[Exercise details] In the entries below, find the line with "Du är viktig, så" and the line with "商品名:夏服Tシャツ トップス レディース". Reproduce those two lines and every line between them exactly, and nothing more.

[Available records]

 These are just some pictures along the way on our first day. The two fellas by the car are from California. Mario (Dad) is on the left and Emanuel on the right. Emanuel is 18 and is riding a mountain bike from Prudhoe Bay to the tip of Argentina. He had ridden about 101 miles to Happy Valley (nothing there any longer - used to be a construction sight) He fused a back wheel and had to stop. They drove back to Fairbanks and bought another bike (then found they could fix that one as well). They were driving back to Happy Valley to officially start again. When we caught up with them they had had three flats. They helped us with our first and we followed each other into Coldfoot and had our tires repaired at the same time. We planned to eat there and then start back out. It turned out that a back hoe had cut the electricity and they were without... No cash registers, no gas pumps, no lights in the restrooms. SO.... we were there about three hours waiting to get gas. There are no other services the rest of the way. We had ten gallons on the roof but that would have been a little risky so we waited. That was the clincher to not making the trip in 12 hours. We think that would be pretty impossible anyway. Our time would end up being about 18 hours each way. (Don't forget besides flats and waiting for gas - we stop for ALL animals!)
...
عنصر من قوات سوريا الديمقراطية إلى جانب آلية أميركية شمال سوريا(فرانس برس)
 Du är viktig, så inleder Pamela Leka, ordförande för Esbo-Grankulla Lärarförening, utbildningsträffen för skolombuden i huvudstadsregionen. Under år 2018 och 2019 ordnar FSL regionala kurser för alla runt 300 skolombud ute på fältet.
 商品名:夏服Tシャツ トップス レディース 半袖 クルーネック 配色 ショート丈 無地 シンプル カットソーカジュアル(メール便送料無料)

[Finished task]
 Du är viktig, så inleder Pamela Leka, ordförande för Esbo-Grankulla Lärarförening, utbildningsträffen för skolombuden i huvudstadsregionen. Under år 2018 och 2019 ordnar FSL regionala kurser för alla runt 300 skolombud ute på fältet.
 商品名:夏服Tシャツ トップス レディース 半袖 クルーネック 配色 ショート丈 無地 シンプル カットソーカジュアル(メール便送料無料)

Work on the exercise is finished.